Conversely, in female inheritance conditions, the indels seem to be generated in the syncytial blastoderm embryo before cellularization of the ~3 primordial pole-cell precursors that have been estimated to be set aside for the germline at the 128-cell stage29. In fact, at the white locus, we observed only a single indel per female germline, which combined with the ~50% inheritance measured for the gRNA transgene and the fully w- F1 female phenotype, suggests that Cas9 action occurs efficiently at the zygote stage (Fig. 4b). For yellow, we instead observed 1–3 indels generated per F1 female, suggesting that Cas9 cutting happens later or less efficiently prior to pole-cell formation.
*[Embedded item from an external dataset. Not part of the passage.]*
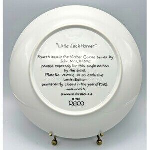 RECO John McClelland 1982 Mother Goose Little Jack Horner 8" Plate w Box & COA
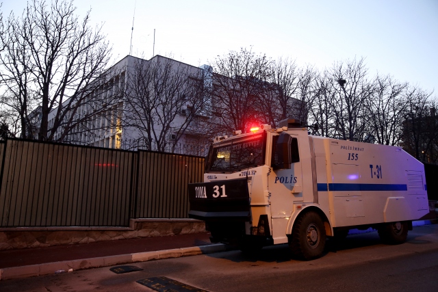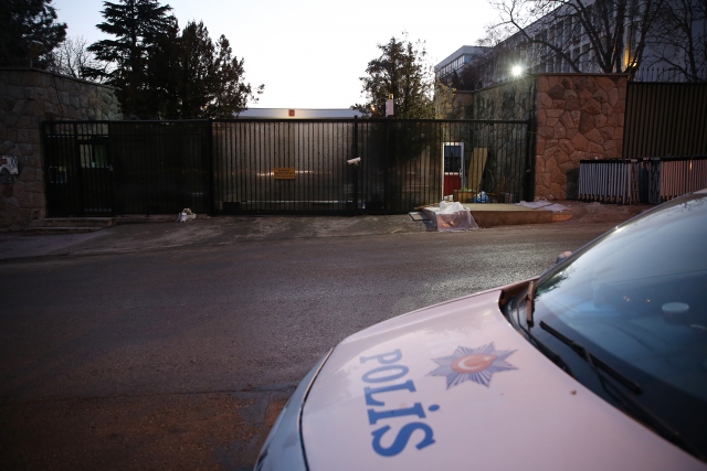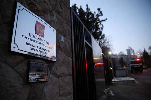 Rusya`nın Ankara Büyükelçisi Andrey Karlov`un katıldığı bir fotoğraf sergisi açılışında silahlı saldırıda öldürülmesinin ardından Rusya`nın Ankara Büyükelçiliği önünde güvenlik önlemleri alındı.

In the case of yellow, our data are also consistent with a few nuclei escaping Cas9 action in the blastoderm embryo and being converted later during germline development as we observe super-Mendelian inheritance in the offspring of some F1 females (Figs. 4c, 2d, e; Supplementary Fig. 3).

While our findings are not conclusive, all cases of female inheritance analyzed here and reported in previous studies using comparable reagents1,4,16,17 support the hypothesis that Cas9-mediated cleavage leads either to copying via gene conversion or to the generation of resistant alleles. The results also suggest that such events occur during early embryogenesis, perhaps at differing stages, but prior to formation of the mature germline. Importantly, our system allowed us to evaluate, in the same animal, the simultaneous action of two gRNAs and identify how they differ in the maternal effect on super-Mendelian inheritance (Fig. 4).

Controlled tGD activation in the adult germline

Our above-presented studies on female germline resistance suggest that the Cas9-induced cleavage events could happen as early as the zygote stage. As resistant alleles pose a potential problem to gene-drive applications, we wondered how tGD would perform when Cas9 activity was solely restricted to the adult germline. This is an important question since, to our knowledge, no published gene-drive work has thus far been able to precisely establish the timing of drive conversion events.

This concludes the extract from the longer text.